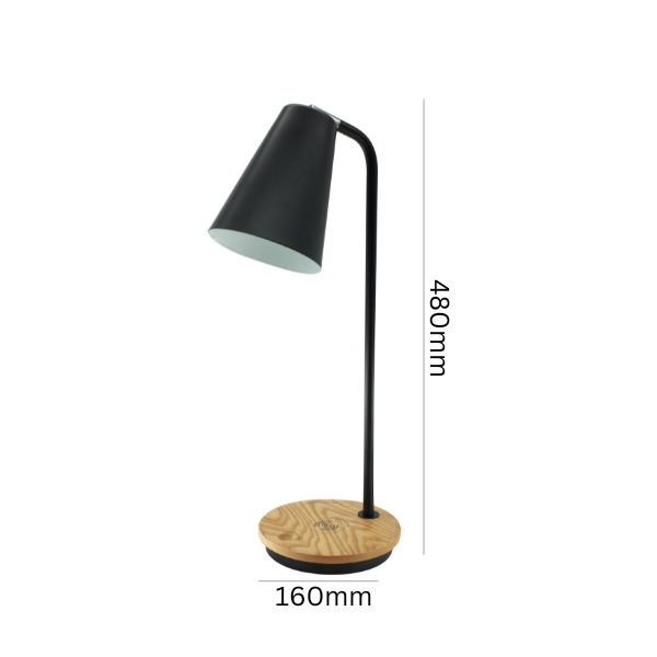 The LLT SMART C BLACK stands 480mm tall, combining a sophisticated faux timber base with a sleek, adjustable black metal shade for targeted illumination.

---

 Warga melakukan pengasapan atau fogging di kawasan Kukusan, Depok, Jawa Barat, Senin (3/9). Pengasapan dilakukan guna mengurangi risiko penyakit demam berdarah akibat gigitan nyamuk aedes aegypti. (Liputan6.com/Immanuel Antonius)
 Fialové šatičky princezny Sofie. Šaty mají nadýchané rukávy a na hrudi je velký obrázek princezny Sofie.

Task goal: Set down again, word for word, the stretch of records from the line with "Warga melakukan pengasapan" to the line with "Fialové šatičky princezny", both of those lines included.

Result of this task:
 Warga melakukan pengasapan atau fogging di kawasan Kukusan, Depok, Jawa Barat, Senin (3/9). Pengasapan dilakukan guna mengurangi risiko penyakit demam berdarah akibat gigitan nyamuk aedes aegypti. (Liputan6.com/Immanuel Antonius)
 Fialové šatičky princezny Sofie. Šaty mají nadýchané rukávy a na hrudi je velký obrázek princezny Sofie.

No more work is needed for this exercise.